Interestingly, for countries starting out at low HDI levels, a small increase in energy use is accompanied by rapid improvement in the quality of life. The significant improvement in peoples' lives brought about by even small amounts of energy usage, such as through solar electricity or a micro-hydropower plant, implies that this is at least partially causal. In addition, a number of studies in Southasia have documented that well-implemented rural electrification (from the grid or from off-grid sources), and the adoption of simple technologies such as biogas and improved cooking stoves, have had a tremendous impact on people's well-being. Achievements of the last 10 years have provided institutional models to scale-up energy access to rural populations through a mix of community-based private-public initiatives.

Successful grid-based initiatives include rural electrification cooperatives in Bangladesh and community-based electrification in Nepal. They show that rural user groups and cooperatives are often better managers of electricity distribution networks than are disinterested utilities. Bangladesh, Sri Lanka and Nepal have demonstrated that large numbers of rural people can have access to electricity through solar home systems when high-quality set-ups are sold to users using micro-finance and small subsidies. One to three percent of the homes in these countries are currently lit by solar energy, and the proportion is growing. Developing household biogas through rural micro-enterprises is a successful model developed in Nepal, which is now being replicated in Bangladesh as well as in Vietnam. Some five percent of rural households in Nepal are now cooking on biogas. Community-based micro-hydro is also well-established in the mountainous areas of Pakistan and Nepal, with plenty of room to grow in other Southasian countries.

Crossborder energy
The challenge of achieving universal energy access in Southasia is not one of resources. It is one of priority. A fraction of the resources that governments in Southasia will need to invest in pulling themselves out of the ongoing energy crisis can result in providing modern energy services to all rural households. Globally, it is estimated that seven percent of the total electricity generated will be sufficient to meet the needs of all those who today are without power; and one percent of the total commercial energy worldwide would meet the cooking needs of the two billion people currently without clean cooking fuel. What Southasian countries urgently need is a comprehensive energy policy at the national level, which could later be integrated at the regional level.

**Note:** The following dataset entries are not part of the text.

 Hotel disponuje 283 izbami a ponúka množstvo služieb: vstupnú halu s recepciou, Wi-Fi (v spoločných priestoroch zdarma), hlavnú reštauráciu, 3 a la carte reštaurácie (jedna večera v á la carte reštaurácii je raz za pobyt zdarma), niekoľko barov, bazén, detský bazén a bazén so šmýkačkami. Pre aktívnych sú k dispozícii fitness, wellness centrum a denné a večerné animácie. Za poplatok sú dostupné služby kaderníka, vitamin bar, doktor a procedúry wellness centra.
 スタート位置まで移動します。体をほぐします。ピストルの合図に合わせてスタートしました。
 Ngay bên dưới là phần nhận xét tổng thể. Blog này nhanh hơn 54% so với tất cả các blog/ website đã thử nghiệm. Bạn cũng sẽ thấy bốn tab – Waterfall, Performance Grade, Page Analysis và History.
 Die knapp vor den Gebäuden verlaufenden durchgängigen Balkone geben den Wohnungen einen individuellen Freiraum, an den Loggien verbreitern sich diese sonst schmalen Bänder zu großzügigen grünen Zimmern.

In addition to overcoming challenges to domestic energy-policy reform, other principal barriers to developing interconnected regional energy networks are geopolitical, structural and procedural in nature. Apart from politico-security concerns that have lingered since the days of Partition, the impediments to crossborder energy cooperation include a lack of regional energy infrastructure; weak regional institutional and regulatory framework (for regional planning, investment financing, investment protection, contract enforcements, policy and commercial risk mitigation, etc); water-sharing issues; pricing policies and access regulations; and differences in subsidy policies.

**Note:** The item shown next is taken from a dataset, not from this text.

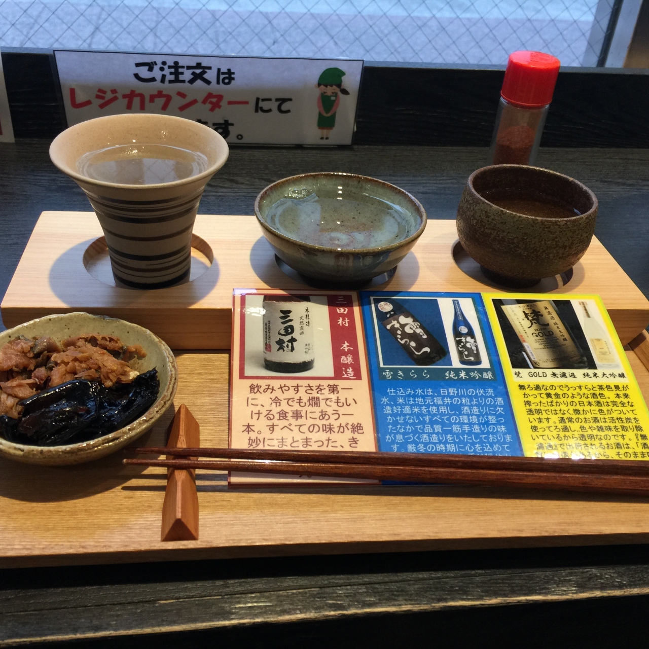 福井県のアンテナショップですが、イートインスペースで日本酒の試飲ができます。
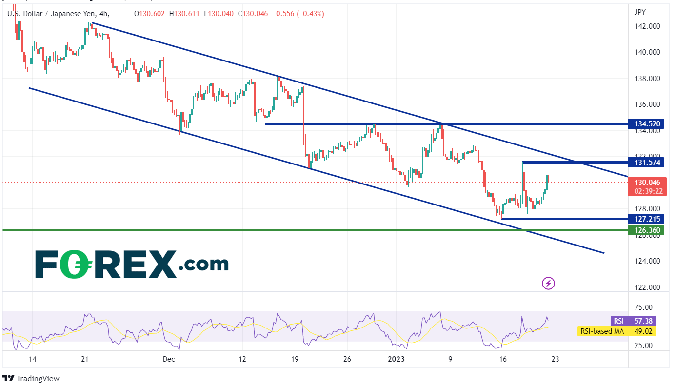在较短的240分钟图上,美元/日元已经形成通道。虽然汇率在日线图上突破了通道,但它仍然在240分钟图上保持在通道内。第一阻力位于1月17日高点131.57。在此之上,价格可能会触及短期通道的顶部趋势线132.18,然后是1月6日以来的高点134.77。但是,如果空头决定在近期高点附近再次出手,美元/日元可能会走低。第一支撑位于1月15日的低点127.22。在此之下,支撑位于2022年5月24日低点126.36,然后是短期通道的底部趋势线125.75。

Considering the dynamics of energy trade and cooperation in Southasia, it is clear that there is significant scope in advancing regional initiatives by increasing energy access and supply, and improving energy security, reliability and quality in the region. Complementarities exist not only in the diversity of resource endowment, but also in the seasonal characteristic of the supply of and demand for power, geographical proximities of demand centres and the technological bases of power industries. Potential for financial gains, investment flows, technology transfers and integration with global markets remain attractive features for regional energy trade. However, prior to developing a regional energy policy through SAARC, national policy frameworks in Southasia need to be well-defined. These frameworks must address and analyse current energy-related bilateral and regional trading arrangements; institutional, regulatory, technical and policy issues; and power-purchase agreements. Only then will an integrated regional energy policy become realistic.

~ Bikash Pandey is an energy expert based in Islamabad.